Background technology
Voice quality quality is one of major criterion evaluating voice communication system quality.Voice quality assessment is generally divided into subjective evaluation method and method for objectively evaluating.Subjective evaluation method relies on comments hearer's suggestion to make judgement to voice quality, be directly reflect the viewpoint of user to system quality, wherein ITU-T advises that the MOS (Mean Opinion Score) P.830 proposed is a kind of widely used subjective evaluation method.But subjective evaluation method poor repeatability, be difficult to organize and implement underaction, the subjective factor easily by people affects, and is unfavorable for applying in production run and field experiment.
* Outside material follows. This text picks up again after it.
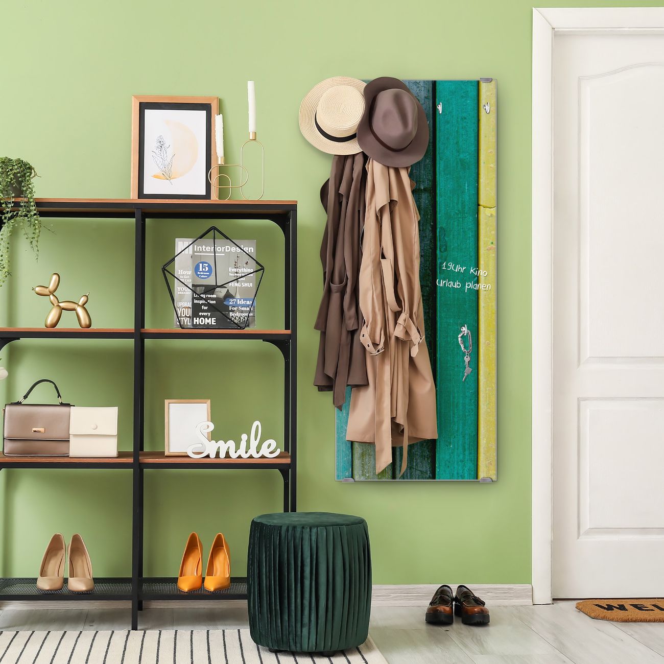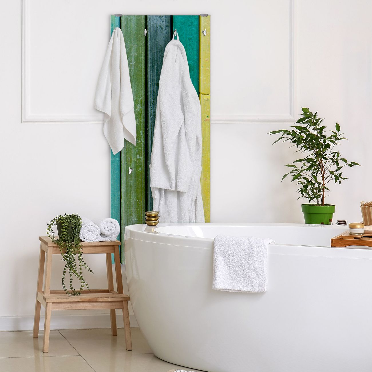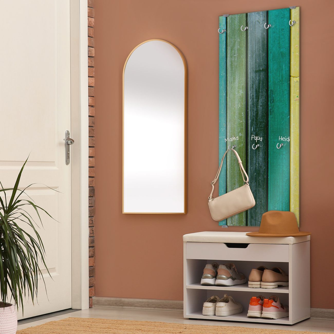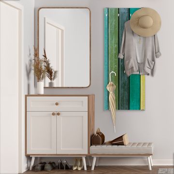 FUNKTION: Die banjado Wandgarderobe mit Motiv Regenbogenfarben ist Ihr täglicher Begleiter. Zuverlässig hängen hier Ihre Jacken und Mäntel griffbereit. Das Echtglas ist Ihr Paneel auch beschreibbar und wieder abwischbar. DESIGN: Sie erhalten eine Garderobenleiste aus elegantem Echtglas mit dem Farbbrillanten Motiv Regenbogenfarben hinterklebt. Das Design ist zeitlos klassisch, ohne dabei auf Funktionalität zu verzichten. Suchen Sie aus einer Vielzahl von Motiven das für Ihre Einrichtung Passende aus. DETAILS: Die Flurgarderobe besteht aus 4mm gehärtetem Sicherheitsglas. Sie ist 50cm breit, 125cm hoch und 6cm tief. Die Garderobenhaken zur Selbstmontage präsentieren sich in Edelstahl-Optik, ebenso die Abstandshalter für die Wandmontage. Ihre neue Garderobe ist sofort einsatzbereit. NUTZEN: Ihre neue Garderobe hält nicht nur zuverlässig Ihre Kleidung, sie ist auch optisch ein Blickfang. Durch das Glas können Sie an der Garderobe mit wasserlöslichen Kreidestiften oder Whiteboard-Markern auch Nachrichten hinterlassen. BANJADO: Wir sind ein kleines kreatives Team aus Sachsen und entwickeln Produkte die Design und Funktionalität verbinden sollen. Viel Freude mit Ihrer neuen Garderobe wünscht das banjado-Team!

Method for objectively evaluating has stopped the issuable impact of human factor, for the special characteristic of voice signal, adopts the mode of signal transacting to realize the evaluation procedure of voice quality.Method for objectively evaluating has reference source (Intrusive) method for objectively evaluating and reference source-free (Non-Intrusive) method for objectively evaluating according to being divided into the need of reference source signal (clean speech).Reference source method for objectively evaluating is had to differentiate the quality of voice quality with the error size between the input signal of voice system and output signal, it is a kind of error metrics, wherein ITU-T advise the PESQ perceptual speech quality evaluation P.862 proposed be current better performances have reference source method for objectively evaluating, can identification communication time delay, neighbourhood noise and mistake preferably.But, PESQ and other have reference source method for objectively evaluating need use input voice (clean speech) as a reference, can not use in the application only having distorted signal.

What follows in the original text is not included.